We aimed to investigate changes in retinal vascular geometry over time after panretinal photocoagulation (PRP) in patients with proliferative diabetic retinopathy (PDR).

Methods

Thirty‐seven eyes with PDR were included. Wide‐field fluorescein angiography (Optomap, Optos PLC., Dunfermline, Scotland, UK) was used to diagnose PDR at baseline and to assess activity at follow‐up month three and six. At each time‐point, a trained grader measured retinal vessel geometry on optic disc (OD) centred images using semiautomated software (SIVA, Singapore I Vessel Assessment, National University of Singapore, Singapore) according to a standardized protocol.

Results

At baseline, the mean age and duration of diabetes were 52.8 and 22.3 years, and 65% were male. Mean HbA1c was 69.9 mmol/mol, and blood pressure was 155/84 mmHg. Of the 37 eyes with PDR, eight (22%) eyes had progression at month three and 13 (35%) progressed over six months. Baseline characteristics, including age, sex, duration of diabetes, HbA1c, blood pressure, vessel geometric variables and total amount of laser energy delivered did not differ by progression status. However, compared to patients with progression of PDR, patients with favourable treatment outcome had alterations in the retinal arteriolar structures from baseline to month six (calibre, 154.3 μm versus 159.5 μm, p = 0.04, tortuosity 1.12 versus 1.10, p = 0.04) and in venular structures from baseline to month three (fractal dimension 1.490 versus 1.499, p = 0.04, branching coefficient (BC) 1.32 versus 1.37, p = 0.01).

Conclusion

In patients with PDR, successful PRP leads to alterations in the retinal vascular structure. However, baseline retinal vascular geometry characteristics did not predict treatment outcome.

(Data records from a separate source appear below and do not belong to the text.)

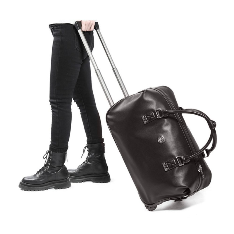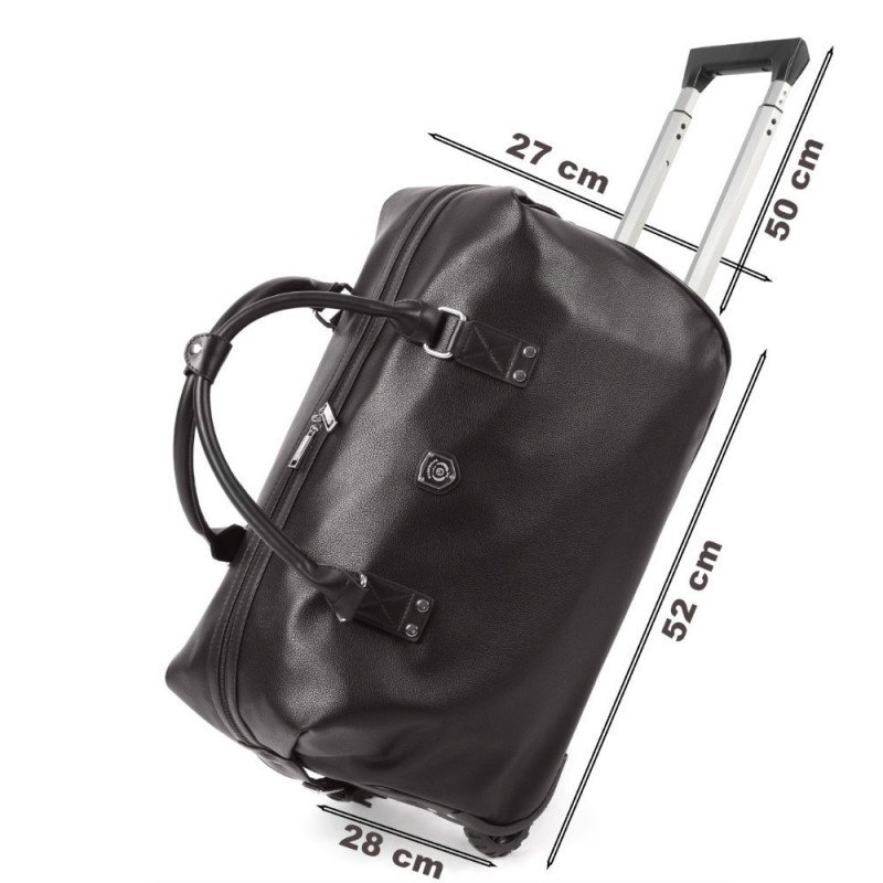 Aceasta geanta de voiaj cu role este utila pentru orice calatorie. Este foarte practica, confectionata din material piele ecologica, are un compartiment principal spatios. Geanta este prevazuta cu intaritura la baza, inchidere cu fermoar iar pentru prindere prezinta doua barete superioare care se prind cu o banda cu capsa. Dispune de un cadru puternic din aluminiu cu un maner telescopic cu buton de apasare, precum si manere de transport. Sistemul trolley este “ascuns” intr-un buzunar special, cu fermoar iar pentru sprijinirea bagajului, geanta are suporturi de plastic si doua role pentru transport usor. Geanta de voiaj se pliaza plat pentru o depozitare usoara, este usoara si durabila, facand-o perfecta pentru calatorii lungi si scurte deopotriva. Compartimentul principal poate fi accesat printr-un fermoar la indemana si poate fi folosit pentru a transporta haine si alte obiecte personale in siguranta. Geanta are tampoane care maresc inaltimea, pentru durabilitate maxima si protectie impotriva deteriorarii. Geanta cu role poate fi folosita ca geanta de calatorie, bagaj, geanta de sport, geanta de sport, geanta de camping, geanta de depozitare sau pentru multe alte ocazii cand calatoriti sau la cumparaturi.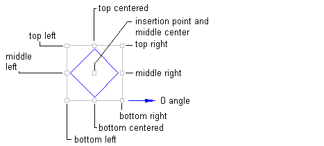 Specifies the location on the block component that is attached to the anchor point. Attachment points are calculated based on a rectangle that encompasses the block, the size of which is determined by including the Gap value specified in the Border category. The following illustration shows block attachment points: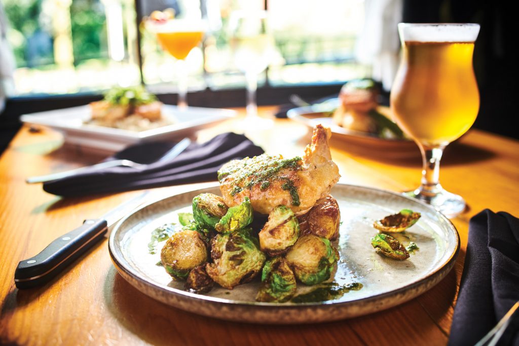 When other restaurants reverted to offering take-out service, the Railroad House remained closed so that projects could be completed. “It was easier to forge ahead and just push through,” Joey explains. When outdoor dining was permitted, the Railroad House’s beautiful patio was in the process of being renovated. “We took out all of the 4,200 bricks and re-laid them in order to eliminate the issue of wobbling tables,” Joey notes. New concrete walkways that skirt the building and lead to others on the property were added, as well. New patio furniture was purchased. Bradley Hagens, who works at the Railroad House and once helped to care for the gardens at Doneckers, added his expertise to freshen and redesign the landscaping.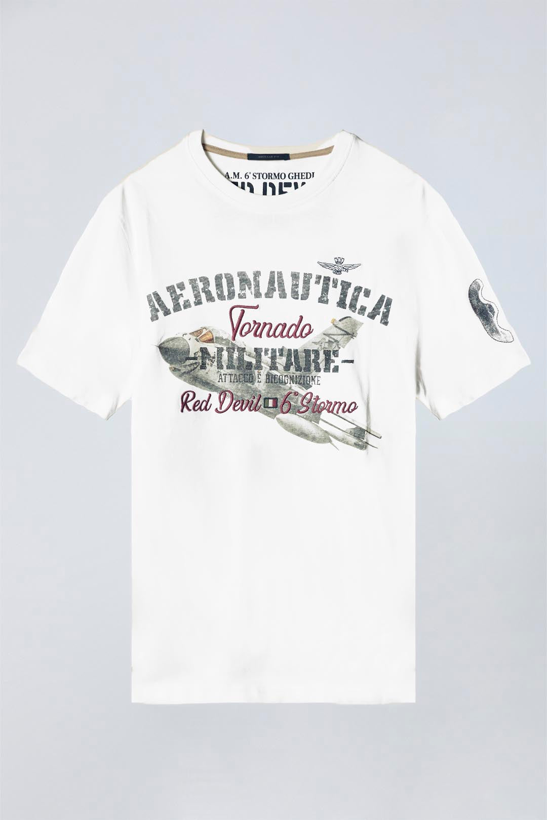 Questa t-shirt in jersey è impreziosita da una spettacolare stampa ad acqua che raffigura il caccia multiruolo "Panavia Tornado", in dotazione ai Diavoli Rossi del 6° Stormo. Un tributo visivo alla dedizione e professionalità di questo prestigioso reparto da interdizione dell'Aeronautica Militare, che ne esalta il valore con un design dinamico e d'impatto.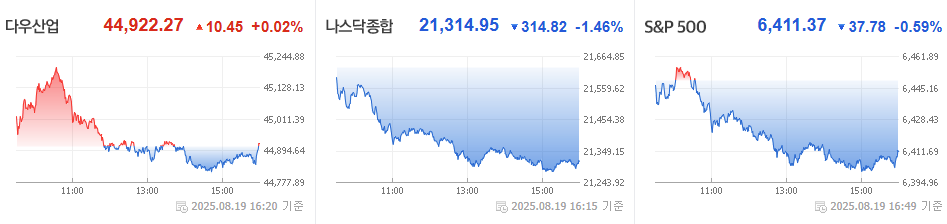 2025년 8월 19일 미국 증시는 혼조 이었습니다.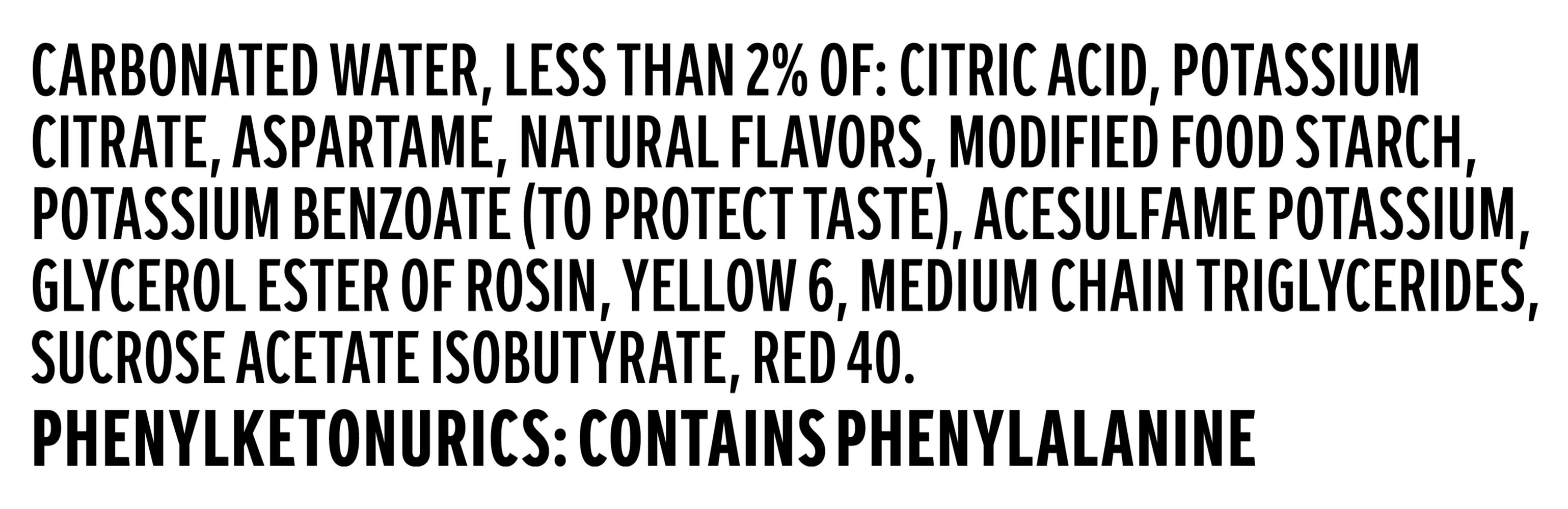 Ingredients: Carbonated Water, Citric Acid, Potassium Citrate, Aspartame, Natural Flavors, Modified Food Starch, Potassium Benzoate (To Protect Taste), Acesulfame Potassium, Glycerol Ester Of Rosin, Yellow 6, Medium Chain Triglycerides, Sucrose Acetate Isobutyrate, Red 40.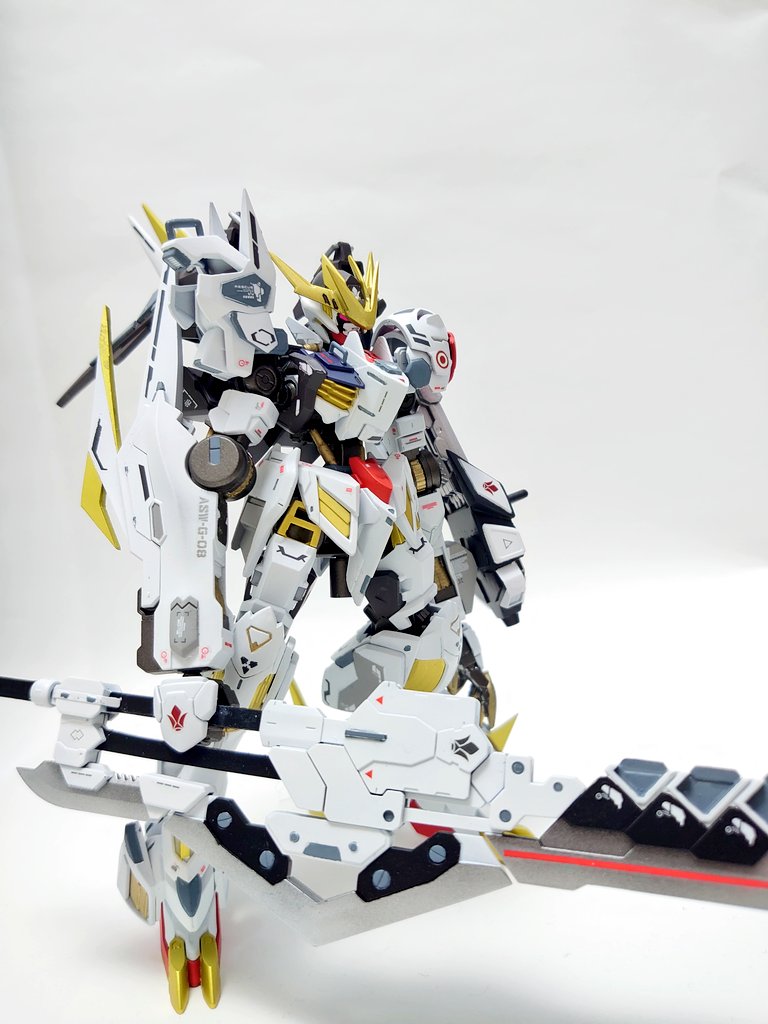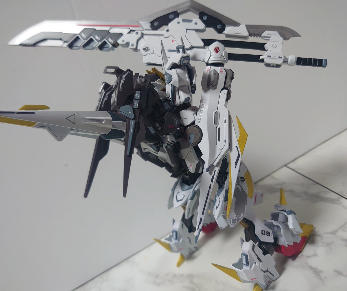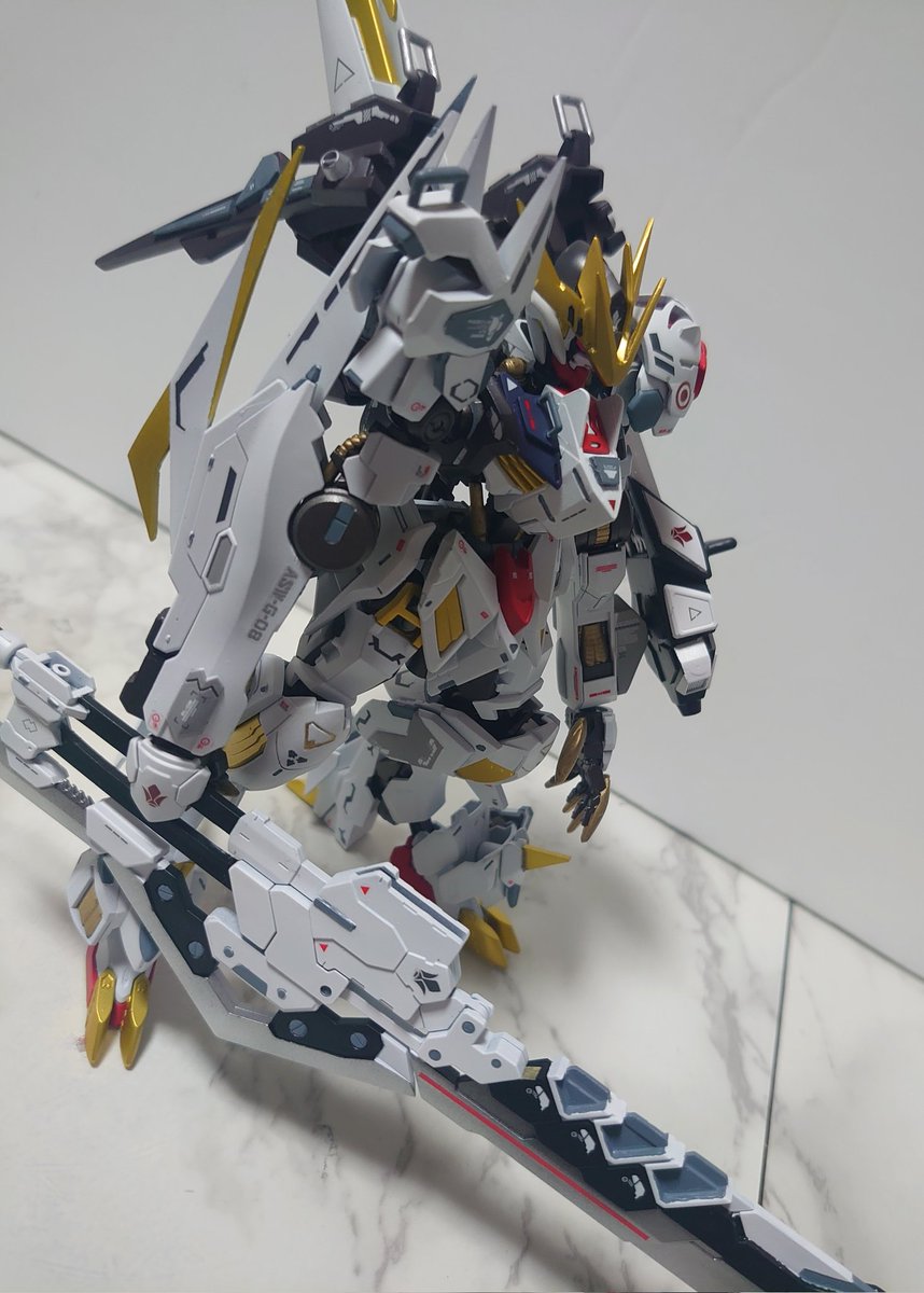 #ガンプラ #ガンプラ好きと繋がりたい #鉄血のオルフェンズ #ガンプラの画像貼るとRTされると聞いて グシオンが完成してようやく鉄華団の主力機体が揃いました‼3機並べてめちゃめちゃニヤニヤしております🤤

Keywords: clinical, computer‐assisted, humans, NAVILAS, panretinal photocoagulation, proliferative diabetic retinopathy, prospective, retinal vessel geometry, SIVA

Introduction

In 2015, 415 million people had diabetes on a global scale, and the number is expected to rise to 642 million by 2040 (Rahelic 2016). Diabetic retinopathy (DR) is the leading complication to diabetes and is almost universal after 25 years (Grauslund et al. 2009; Cheung et al. 2010b; Wong et al. 2016). A late stage complication to DR is PDR which affects approximately 7% of all patients (Yau et al. 2012; Zheng et al. 2012). In PDR retinal hypoxia, an upregulation of vascular endothelial growth factor (VEGF) and subsequent retinal neovascularization can lead to vitreous haemorrhage, tractional retinal detachment and severe visual loss (Grauslund et al. 2009).

In 1976, the landmark Diabetic Retinopathy Study (DRS) showed that the risk of severe visual loss in PDR could be reduced by 57% when treated with PRP (DRS 1976). However, the beneficial mechanisms of PRP in preventing PDR progression have never been clearly understood (Cheung et al. 2010b; Wong et al. 2016).One theory is that the laser energy delivered to the retinal pigment epithelium is conducted to the neurosensory retina, leading to destruction of the affected retinal areas, thus reducing the hypoxic load (DRS 1976, 1981; ETDRS 1991; Stefansson et al. 1992). However, while PRP has been the gold‐standard of care in PDR, interindividual variation exists and some eyes with PDR continue to progress while others remain stable after PRP. This has led to either insufficient or excessive treatment of some patients, which could either increase the risk of progression of PDR with severe visual loss or laser‐induced side‐effects like visual field loss, night‐blindness and macular oedema (DRS 1981; Ferris et al. 1987; ETDRS 1991).

Studying the retinal vascular geometry may provide clues to structural changes after PRP (Cheung et al. 2015). Murray proposed in 1926, the optimal arteriolar branching angle (BA) to be 75 degrees (Murray 1926), and any deviation from this was seen as less optimal for the retinal circulatory system. In recent years, it has become possible to access local and global retinal vessel geometric variables such as calibre, fractal dimension (FD) and tortuosity using new semiautomated software which has enabled more accurate and faster measurements (Cheung et al. 2010a; Sasongko et al. 2010, 2011).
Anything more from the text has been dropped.